[What this task involves]: Find the line with "張立祥查看紫菜加工情況。連云區(qū)委宣傳部供圖" in the entries below, then output every line from it down to the line with "python을 검색하여 설치합니다.", exactly and with no pictures.

[Extracted records]:
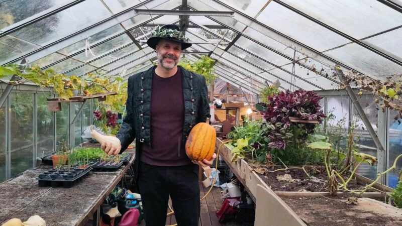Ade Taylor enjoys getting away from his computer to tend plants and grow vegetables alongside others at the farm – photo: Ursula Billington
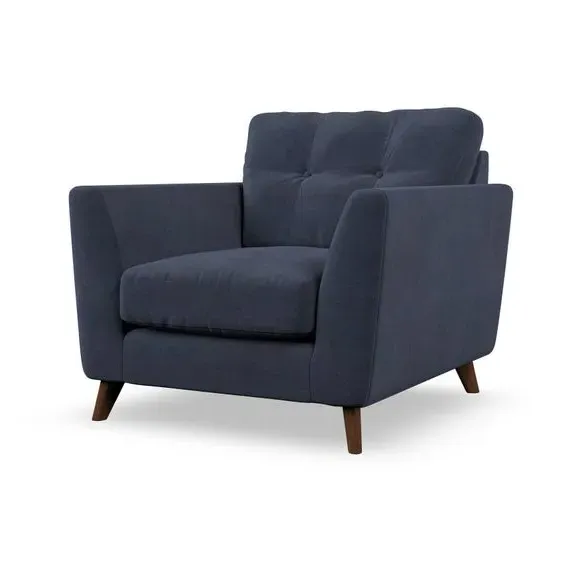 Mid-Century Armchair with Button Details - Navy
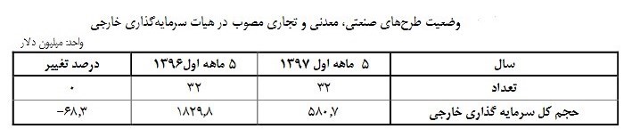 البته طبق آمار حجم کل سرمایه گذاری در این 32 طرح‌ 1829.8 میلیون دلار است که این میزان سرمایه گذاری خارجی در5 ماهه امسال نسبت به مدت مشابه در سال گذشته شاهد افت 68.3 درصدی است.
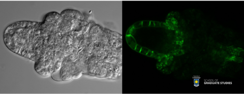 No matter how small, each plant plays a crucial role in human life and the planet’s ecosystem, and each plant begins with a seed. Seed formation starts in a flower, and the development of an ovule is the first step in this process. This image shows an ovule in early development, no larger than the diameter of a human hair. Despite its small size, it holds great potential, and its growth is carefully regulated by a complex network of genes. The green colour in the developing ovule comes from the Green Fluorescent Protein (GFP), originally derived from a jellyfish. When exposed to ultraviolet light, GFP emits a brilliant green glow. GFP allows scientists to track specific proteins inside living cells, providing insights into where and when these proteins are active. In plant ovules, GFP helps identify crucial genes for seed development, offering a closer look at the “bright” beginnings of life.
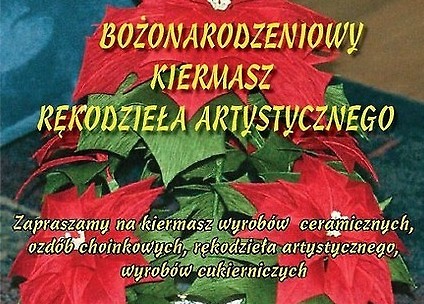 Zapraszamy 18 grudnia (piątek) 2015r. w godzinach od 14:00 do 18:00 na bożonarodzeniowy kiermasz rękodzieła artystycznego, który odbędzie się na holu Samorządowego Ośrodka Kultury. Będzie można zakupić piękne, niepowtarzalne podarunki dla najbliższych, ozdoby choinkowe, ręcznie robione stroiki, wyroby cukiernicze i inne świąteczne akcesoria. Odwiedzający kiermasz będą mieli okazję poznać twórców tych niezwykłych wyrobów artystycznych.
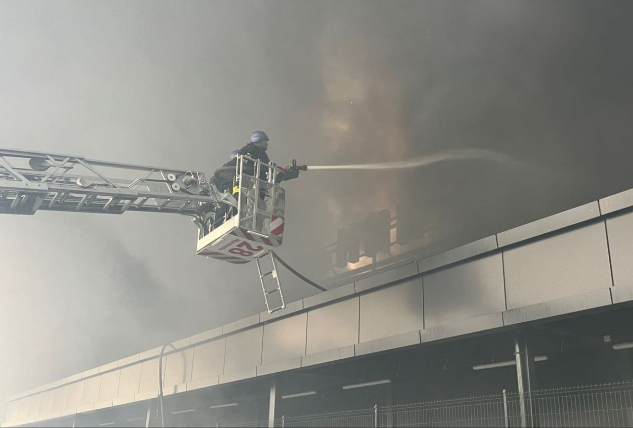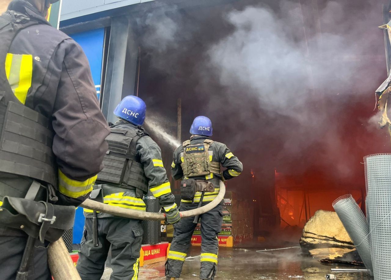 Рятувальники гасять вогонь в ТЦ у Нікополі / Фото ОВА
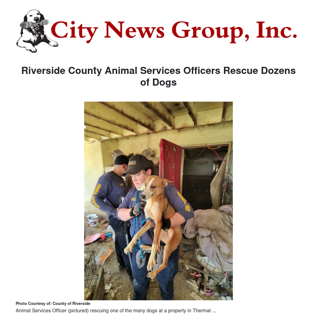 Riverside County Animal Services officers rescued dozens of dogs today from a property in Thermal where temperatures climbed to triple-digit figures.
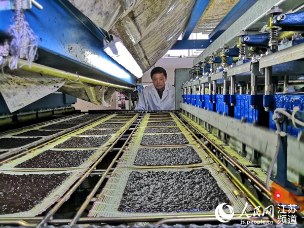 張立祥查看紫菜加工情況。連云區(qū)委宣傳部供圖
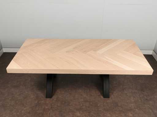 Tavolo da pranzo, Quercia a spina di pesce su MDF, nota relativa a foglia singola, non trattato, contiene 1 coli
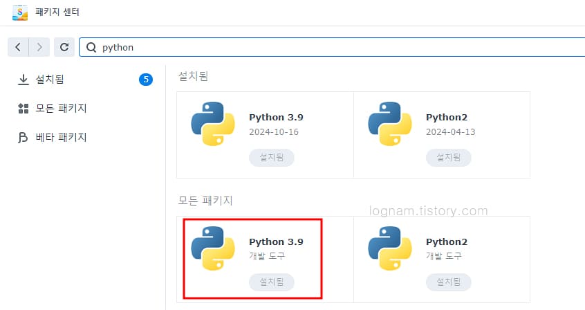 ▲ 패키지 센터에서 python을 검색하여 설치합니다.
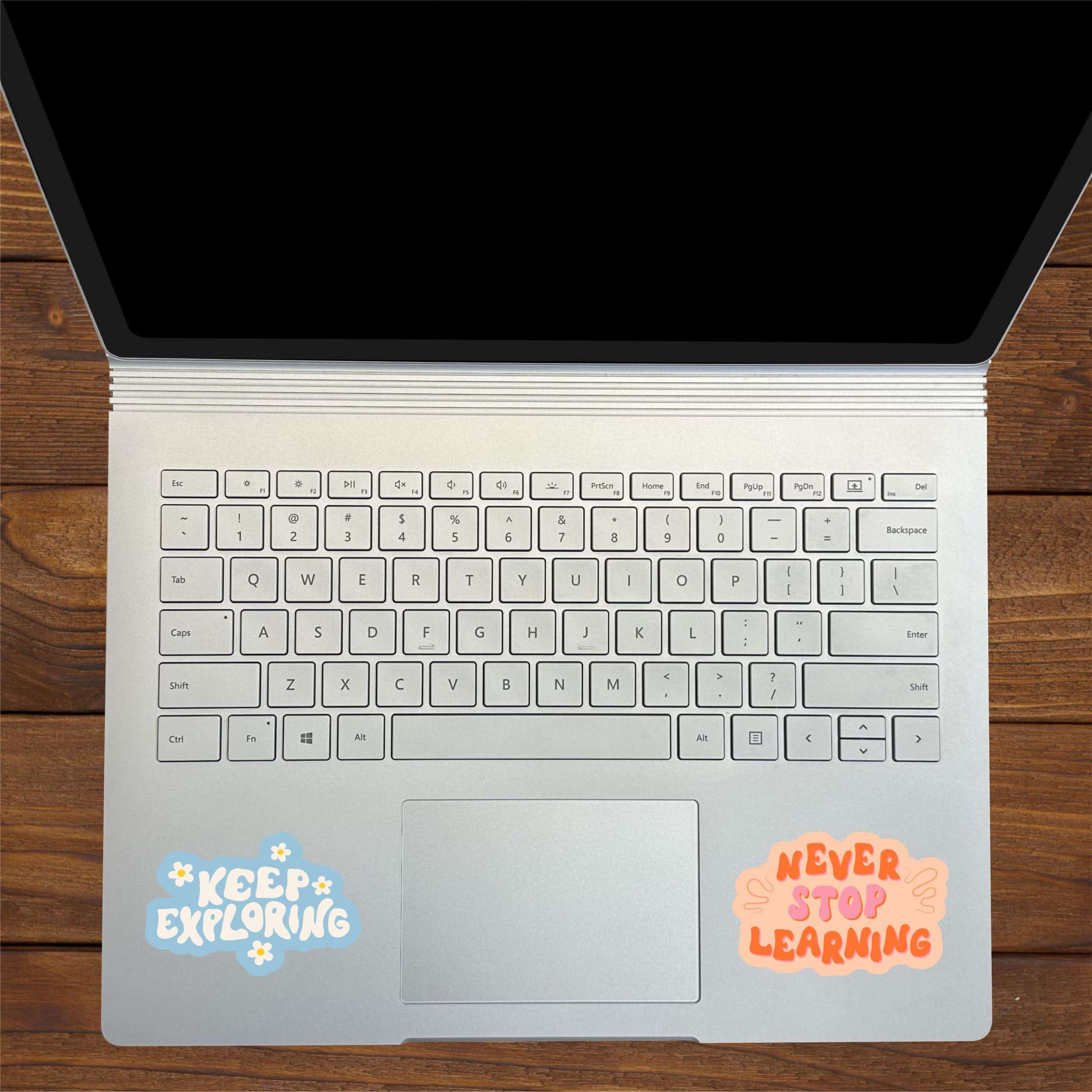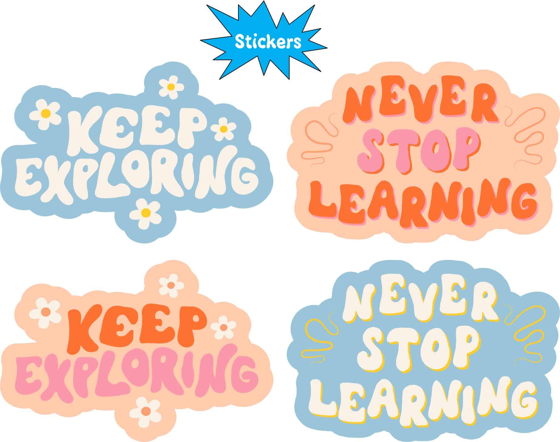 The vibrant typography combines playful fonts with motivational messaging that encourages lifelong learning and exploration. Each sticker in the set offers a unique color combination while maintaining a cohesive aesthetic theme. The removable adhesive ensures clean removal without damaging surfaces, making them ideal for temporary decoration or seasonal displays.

...

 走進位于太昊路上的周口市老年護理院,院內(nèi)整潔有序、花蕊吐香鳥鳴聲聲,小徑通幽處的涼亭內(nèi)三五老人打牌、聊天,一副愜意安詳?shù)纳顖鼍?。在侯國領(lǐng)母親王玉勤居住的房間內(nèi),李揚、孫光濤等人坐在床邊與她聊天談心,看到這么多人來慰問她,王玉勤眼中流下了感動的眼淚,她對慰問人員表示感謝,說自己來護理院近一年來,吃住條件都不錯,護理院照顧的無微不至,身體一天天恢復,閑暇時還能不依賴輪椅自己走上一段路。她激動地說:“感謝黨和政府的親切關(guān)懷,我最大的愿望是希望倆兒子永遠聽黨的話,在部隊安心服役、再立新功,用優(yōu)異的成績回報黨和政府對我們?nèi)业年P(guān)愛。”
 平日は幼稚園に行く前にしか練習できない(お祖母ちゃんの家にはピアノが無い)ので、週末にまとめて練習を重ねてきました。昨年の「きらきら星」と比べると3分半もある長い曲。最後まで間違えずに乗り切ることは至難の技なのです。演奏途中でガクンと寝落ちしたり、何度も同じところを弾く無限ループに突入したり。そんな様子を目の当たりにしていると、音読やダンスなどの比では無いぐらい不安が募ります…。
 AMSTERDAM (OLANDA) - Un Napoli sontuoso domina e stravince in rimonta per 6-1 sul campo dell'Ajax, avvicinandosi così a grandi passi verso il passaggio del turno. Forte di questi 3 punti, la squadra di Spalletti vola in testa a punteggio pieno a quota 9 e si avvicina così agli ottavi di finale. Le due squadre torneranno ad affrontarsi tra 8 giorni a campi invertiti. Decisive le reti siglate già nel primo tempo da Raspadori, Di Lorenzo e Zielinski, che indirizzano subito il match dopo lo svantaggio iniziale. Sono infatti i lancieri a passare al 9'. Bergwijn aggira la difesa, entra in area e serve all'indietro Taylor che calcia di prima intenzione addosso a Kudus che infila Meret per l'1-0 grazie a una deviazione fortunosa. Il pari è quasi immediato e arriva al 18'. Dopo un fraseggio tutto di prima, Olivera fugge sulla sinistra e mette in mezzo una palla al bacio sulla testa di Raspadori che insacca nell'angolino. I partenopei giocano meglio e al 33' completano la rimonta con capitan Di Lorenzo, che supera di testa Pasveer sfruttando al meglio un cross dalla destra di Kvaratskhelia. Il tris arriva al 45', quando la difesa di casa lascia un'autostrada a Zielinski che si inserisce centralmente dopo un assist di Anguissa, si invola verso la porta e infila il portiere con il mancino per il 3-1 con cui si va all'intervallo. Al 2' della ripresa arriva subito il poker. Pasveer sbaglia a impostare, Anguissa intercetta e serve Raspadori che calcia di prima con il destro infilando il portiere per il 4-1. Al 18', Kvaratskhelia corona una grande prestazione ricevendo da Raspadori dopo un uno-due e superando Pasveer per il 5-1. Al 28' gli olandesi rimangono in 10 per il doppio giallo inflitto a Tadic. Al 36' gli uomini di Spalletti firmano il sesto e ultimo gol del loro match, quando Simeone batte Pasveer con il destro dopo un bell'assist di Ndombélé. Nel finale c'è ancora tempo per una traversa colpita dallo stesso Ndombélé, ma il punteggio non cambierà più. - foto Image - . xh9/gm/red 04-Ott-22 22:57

[Response to the task]:
 張立祥查看紫菜加工情況。連云區(qū)委宣傳部供圖
 Tavolo da pranzo, Quercia a spina di pesce su MDF, nota relativa a foglia singola, non trattato, contiene 1 coli
 ▲ 패키지 센터에서 python을 검색하여 설치합니다.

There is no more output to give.